TL;DR - Pending isn’t a bug, it’s a state: Kubernetes accepted the pod but can’t or won’t start it right now. In 90% of cases the cause is right there in the Events section of kubectl describe pod - but it spreads across 23 different patterns in 5 categories. This workflow finds the right one in under 5 minutes.

🔖 Just want the commands? Here’s the interactive Pod-Pending cheatsheet - with copy buttons, the full 23-cause index, and a printable view. Bookmark recommended.

What Pending really means

Pending is the second pod phase after Created.

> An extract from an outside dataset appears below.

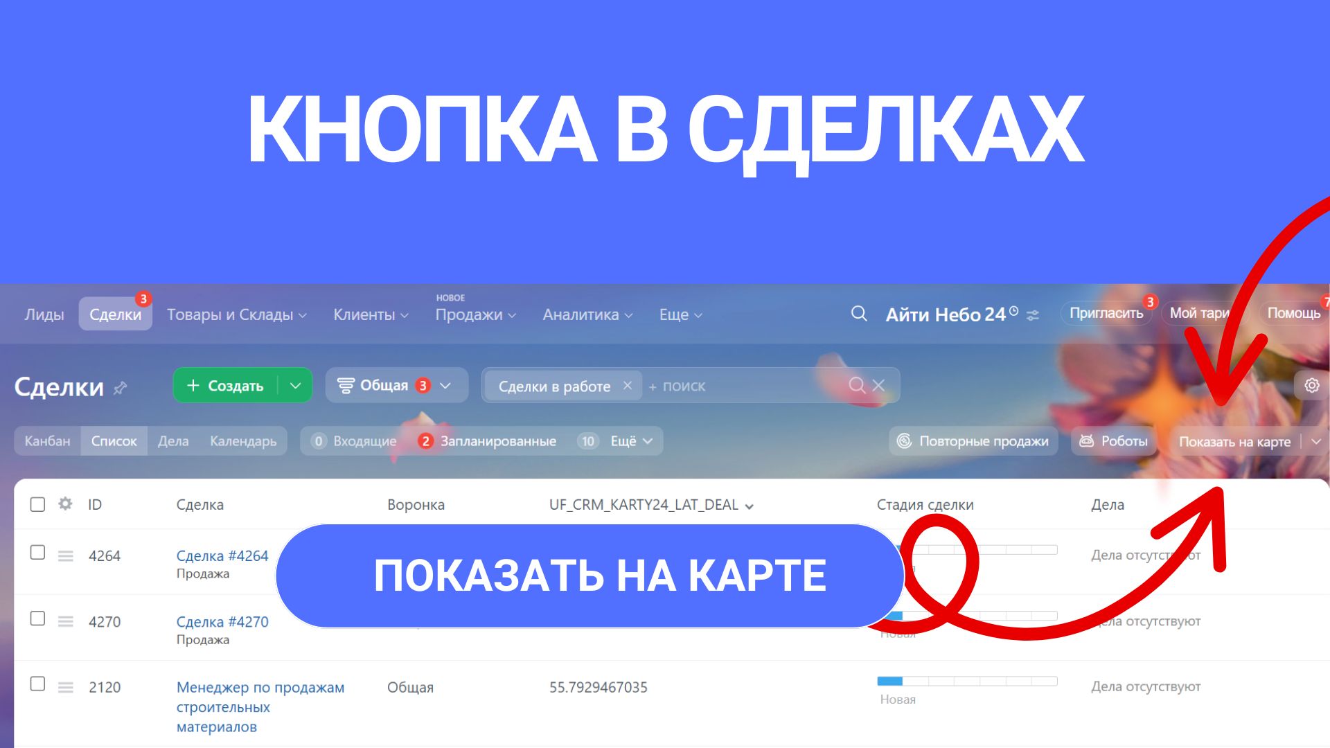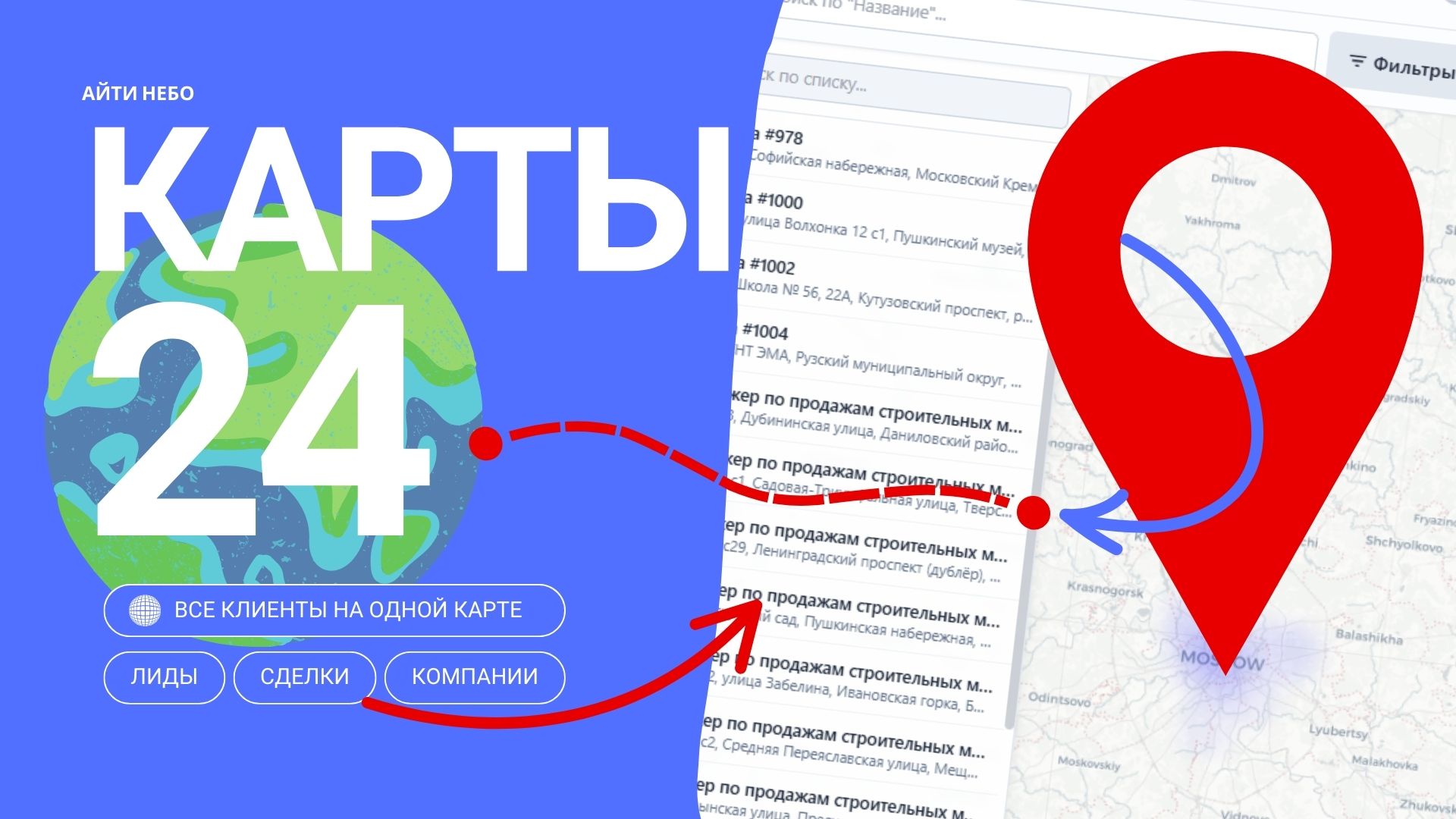Карты24 — это уникальное приложение для Битрикс24, которое поможет вам визуализировать все данные CRM на карте. Отображайте контакты, компании, лиды и сделки, планируйте маршруты и оптимизируйте логистику. Забудьте о рутине и принимайте быстрые и точные решения, управляя продажами и выездными сотрудниками.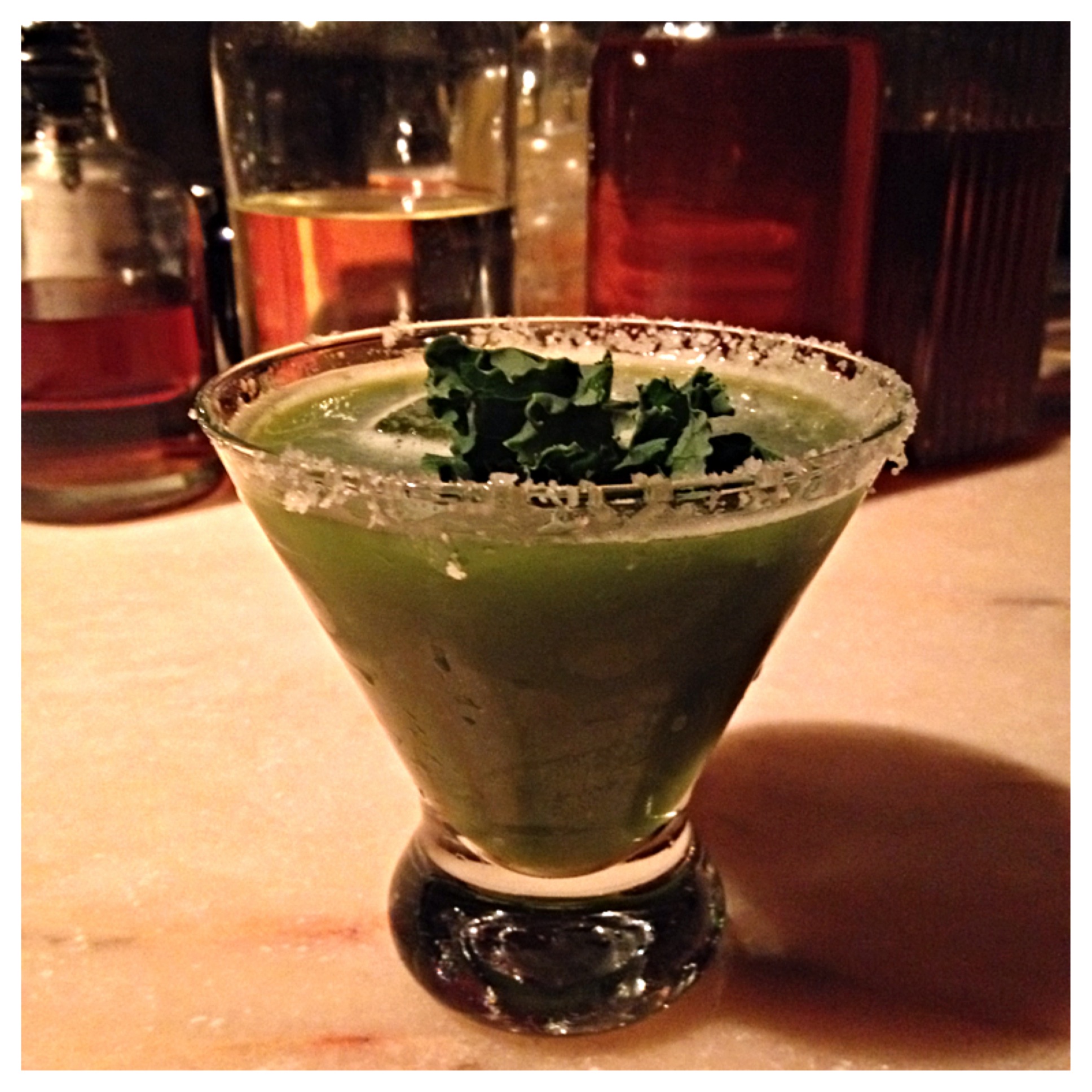 All of the cocktails are broken down into categories paying homage to the apothecary theme, like “Healthy & Beauty”, “Stress Relievers” and “Pain Killers”. I went for Kale In Comparison (Aylesbury DuckVodka, Kale Juice, Pineapple, Ginger, Sea Bean, Lime, Digestive Tincture, Agave). I like to refer to this one as a garden party, you feel like you’re having a juice pressed cocktail. It has a salted rim, but the drink itself is slightly sweet with the freshness and flavor of greens and kale. I can safely say I haven’t had a drink quite like it before, and I loved it.

It means:

  1. The Kubernetes API accepted the pod object
  2. The scheduler hasn’t picked a node yet - or
  3. The kubelet on the assigned node isn’t starting the containers yet

Roughly 70% of cases are stuck at the scheduler. The other 30% spread across volumes, images, and node-health issues. Both look identical to the operator (STATUS: Pending) but require completely different workflows.

Important: a Pending pod consumes no cluster resources beyond an etcd entry. You can leave it sitting for as long as you want without side effects - except that the app isn’t running.

The 3-step workflow

These three commands run first, whatever the cause.

Step 1: Read the events

kubectl describe pod <name> | tail -20

Jump straight to the Events: section at the end. Example output:

Events:
  Type     Reason            Age   From               Message
  ----     ------            ----  ----               -------
  Warning  FailedScheduling  2m    default-scheduler  0/5 nodes are available: 3 Insufficient cpu, 2 node(s) had untolerated taint {dedicated: gpu}.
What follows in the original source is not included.